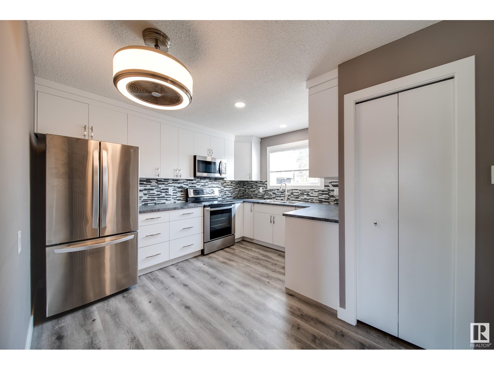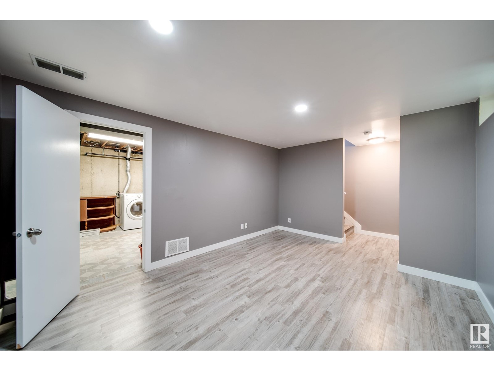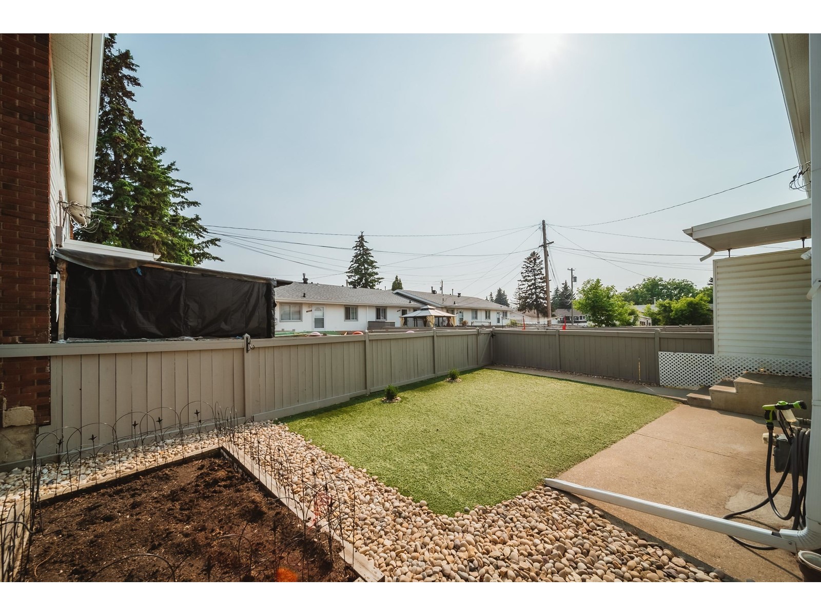 Welcome to Mayfield and this full upgraded 3 bedroom 1.5 bath END UNIT townhouse with fully finished basement and fenced backyard! Main floor features vinyl plank floor, new baseboards, trim and paint, spacious living room with big bright window, fully upgraded kitchen with stainless steal appliances and tiled backsplash. Half bathroom near back door leading you to your fenced and landscaped backyard with artificial turf! Upstairs features 3 bedrooms, linen closets, fully upgraded 4 piece bathroom. Basement features living room with vinyl plank floors, storage area, utility room and laundry room! Perfect for first time home buyers or investors! Close to schools and shopping! (id:22211)
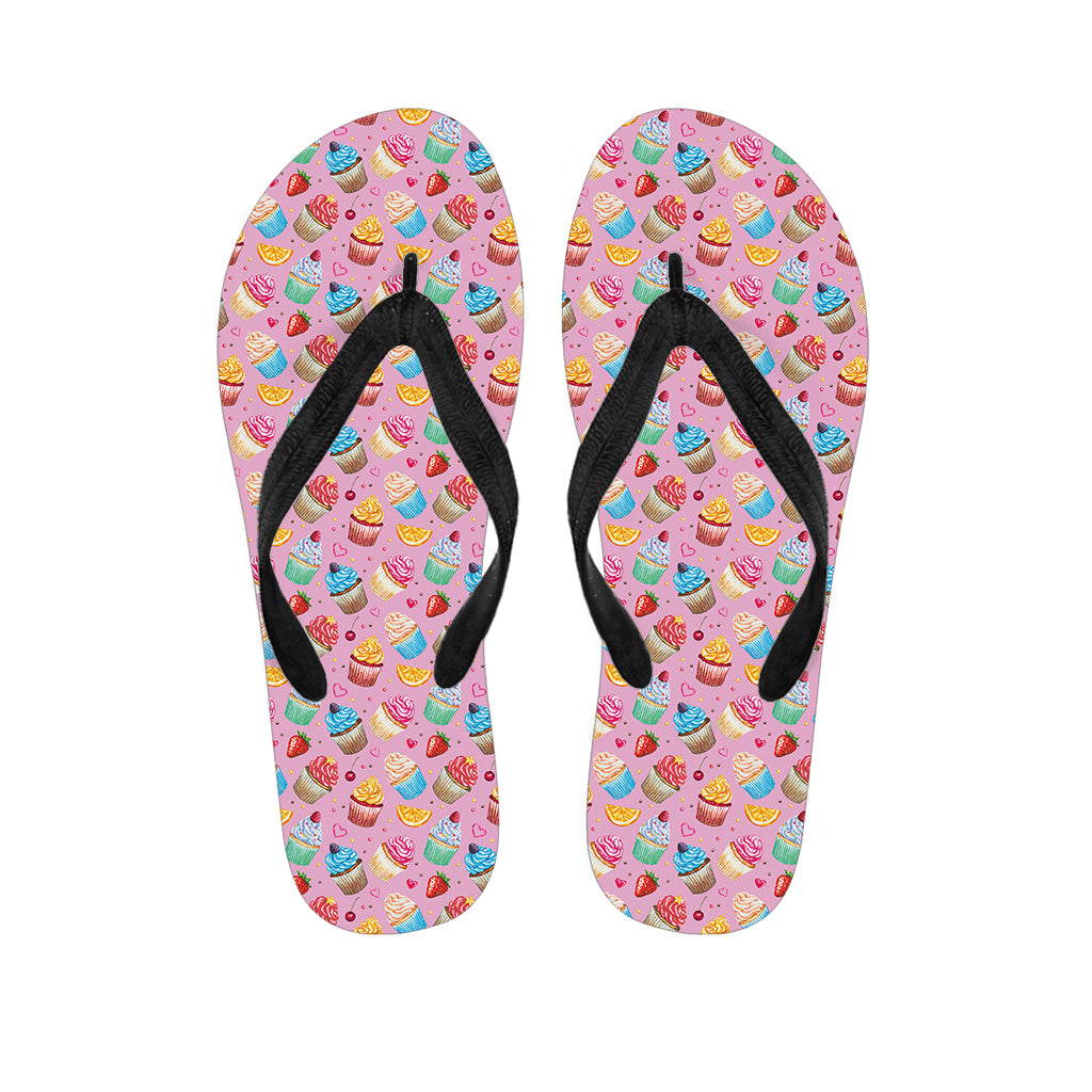 Watercolor Cupcake Pattern Print Flip Flops For Men Women
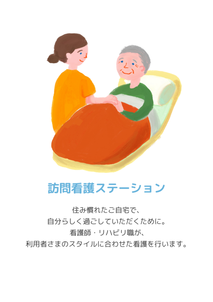 訪問看護・ケアプラン・自費サービスの3つの事業を展開しています。
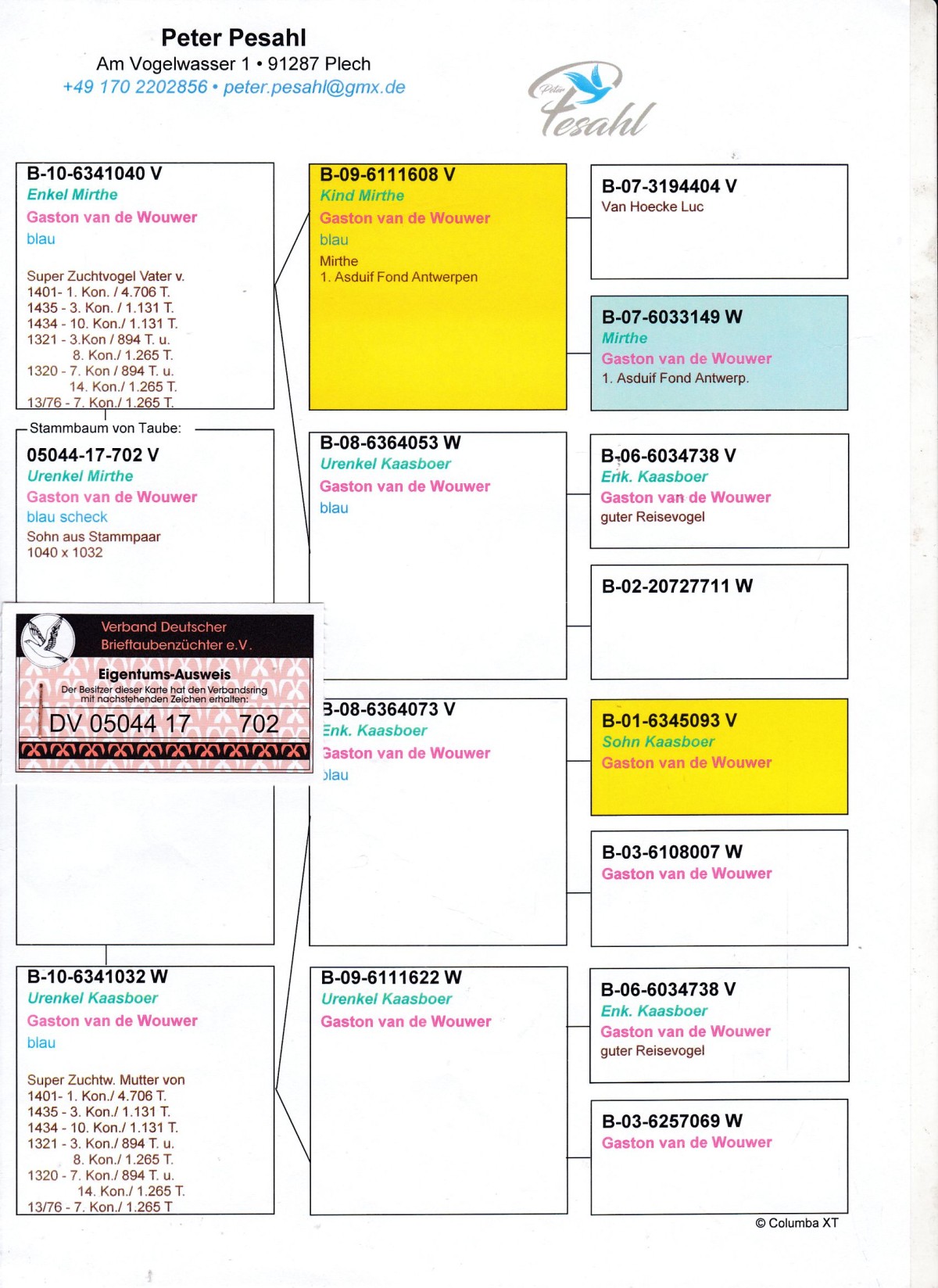 oryg. Pesahl Peter (100% Gacton Van de Wouwer), linia podstawowej pary rozpłodowej
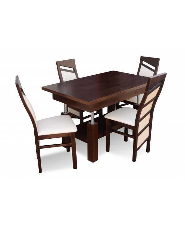 Stalas faneruotas, prailginamas. Kojos iš natūralios medienos.
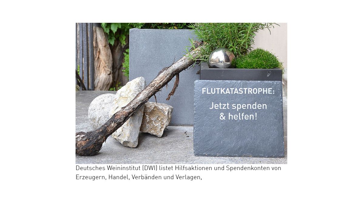 An der Ahr stehen zahlreiche Weinerzeuger vor dem Nichts: überflutete Büros, Keller und Weinlager, zerstörte Maschinen. Das Deutsche Weininstitut (DWI) listet Spendenaufrufe sowie Hilfsaktionen von Weinerzeugern, Handel, Verbänden und Organisationen, an denen Sie sich beteiligen können. Verschiedene Weinpakete, Sonderspenden bei Bestellungen, der Weinköniginnen-Weine und viele andere Ideen sollen helfen. Lesen Sie hier:
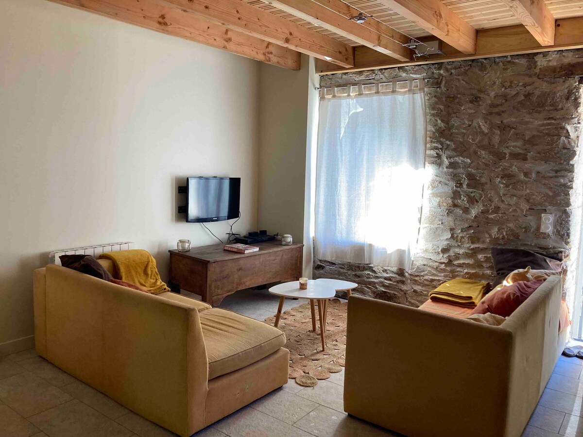 6 km mula sa A75 motorway, sa isa sa mga pinakamagagandang nayon sa France, 16 m2 independiyenteng kuwarto sa bahay ng dating winemaker, direktang access mula sa nakapaloob na hardin na may mga armchair at mesa. Kabuuang kalmado, may vault na silid - tulugan na may shower room (palanggana at shower cubicle) at hiwalay na toilet, blackout blind, armchair, malinis na dekorasyon. Pwedeng gamitin ang mga bisikleta. Posible ang almusal € 10 bawat tao Dalawang ilog ang dumadaloy sa nayon ng 635 naninirahan, dalawang restawran at pangunahing tindahan.
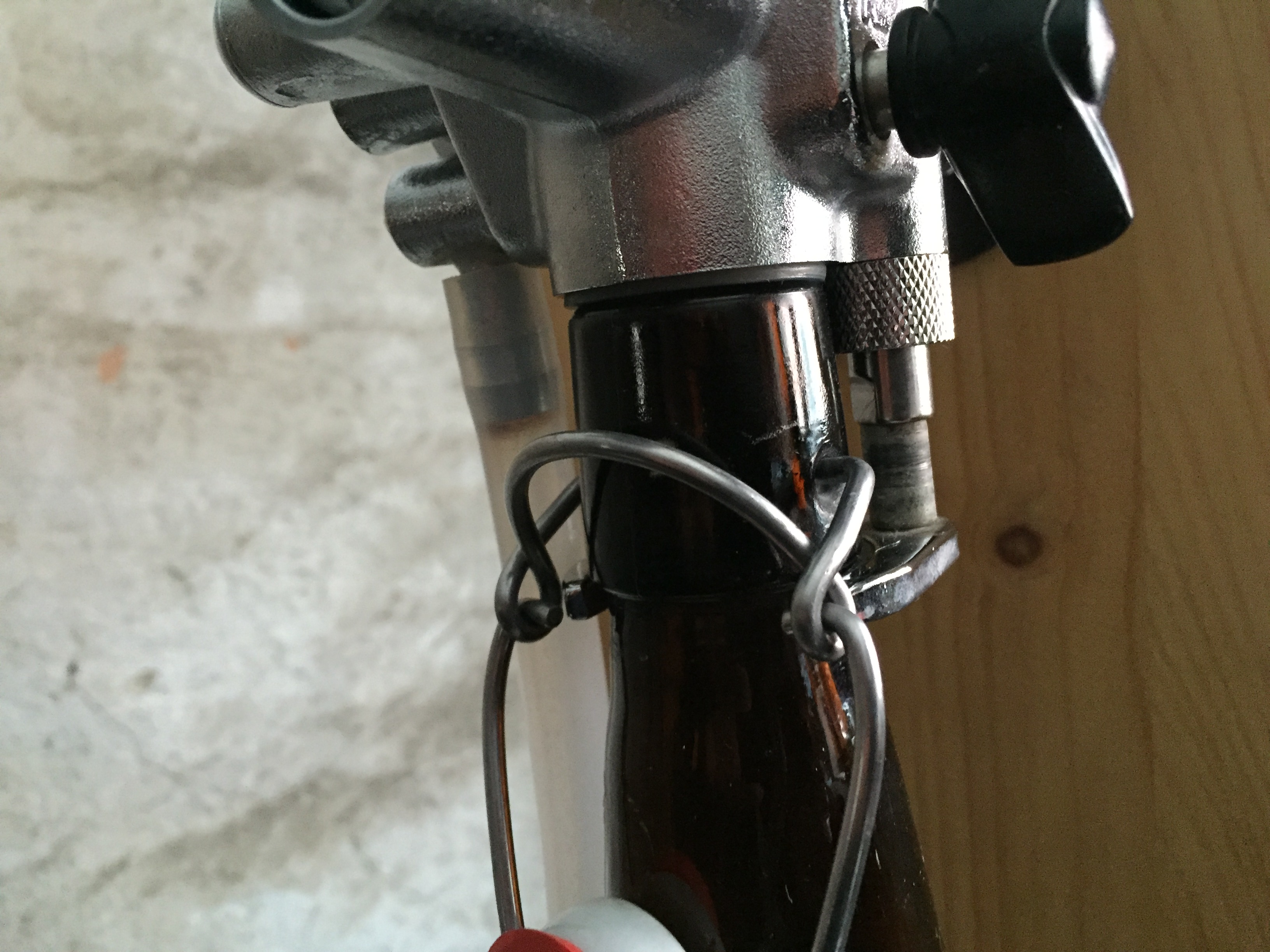 passend gefeilter Flaschenhalshalter für Bügelverschlussflaschen,  (die Schrauben sind noch aus der Testphase und sollten dringend durch Edelstahl ersetzt werden...)
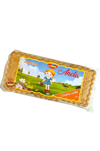 Laska - ANELA Cookies - CREAMY VANILLA - 375g Ideal accompany to your coffee or tea! Ingredients: first grade wheat flour, powdered sugar, palm oi...
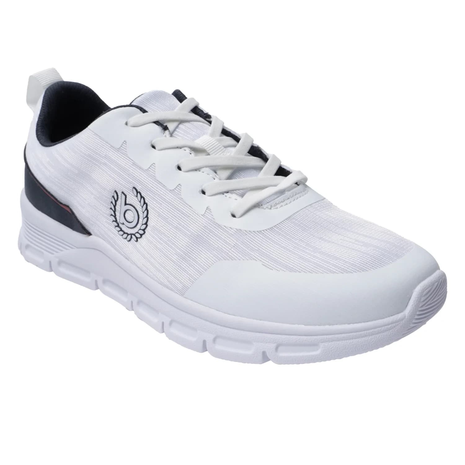 Innately classy and undeniably fun. bugatti Nexon blue mid-top sneakers. Textile uppers, round-toe design, and the bugatti icon detail on the sides lend this pair a clean, sophisticated style.
☆ ☆ ☆ ☆ ☆
WORK INSTRUCTION – The material above is to be transcribed exactly, with its images omitted.

RESPONSE –
 Welcome to Mayfield and this full upgraded 3 bedroom 1.5 bath END UNIT townhouse with fully finished basement and fenced backyard! Main floor features vinyl plank floor, new baseboards, trim and paint, spacious living room with big bright window, fully upgraded kitchen with stainless steal appliances and tiled backsplash. Half bathroom near back door leading you to your fenced and landscaped backyard with artificial turf! Upstairs features 3 bedrooms, linen closets, fully upgraded 4 piece bathroom. Basement features living room with vinyl plank floors, storage area, utility room and laundry room! Perfect for first time home buyers or investors! Close to schools and shopping! (id:22211)
 Watercolor Cupcake Pattern Print Flip Flops For Men Women
 訪問看護・ケアプラン・自費サービスの3つの事業を展開しています。
 oryg. Pesahl Peter (100% Gacton Van de Wouwer), linia podstawowej pary rozpłodowej
 Stalas faneruotas, prailginamas. Kojos iš natūralios medienos.
 An der Ahr stehen zahlreiche Weinerzeuger vor dem Nichts: überflutete Büros, Keller und Weinlager, zerstörte Maschinen. Das Deutsche Weininstitut (DWI) listet Spendenaufrufe sowie Hilfsaktionen von Weinerzeugern, Handel, Verbänden und Organisationen, an denen Sie sich beteiligen können. Verschiedene Weinpakete, Sonderspenden bei Bestellungen, der Weinköniginnen-Weine und viele andere Ideen sollen helfen. Lesen Sie hier:
 6 km mula sa A75 motorway, sa isa sa mga pinakamagagandang nayon sa France, 16 m2 independiyenteng kuwarto sa bahay ng dating winemaker, direktang access mula sa nakapaloob na hardin na may mga armchair at mesa. Kabuuang kalmado, may vault na silid - tulugan na may shower room (palanggana at shower cubicle) at hiwalay na toilet, blackout blind, armchair, malinis na dekorasyon. Pwedeng gamitin ang mga bisikleta. Posible ang almusal € 10 bawat tao Dalawang ilog ang dumadaloy sa nayon ng 635 naninirahan, dalawang restawran at pangunahing tindahan.
 passend gefeilter Flaschenhalshalter für Bügelverschlussflaschen,  (die Schrauben sind noch aus der Testphase und sollten dringend durch Edelstahl ersetzt werden...)
 Laska - ANELA Cookies - CREAMY VANILLA - 375g Ideal accompany to your coffee or tea! Ingredients: first grade wheat flour, powdered sugar, palm oi...
 Innately classy and undeniably fun. bugatti Nexon blue mid-top sneakers. Textile uppers, round-toe design, and the bugatti icon detail on the sides lend this pair a clean, sophisticated style.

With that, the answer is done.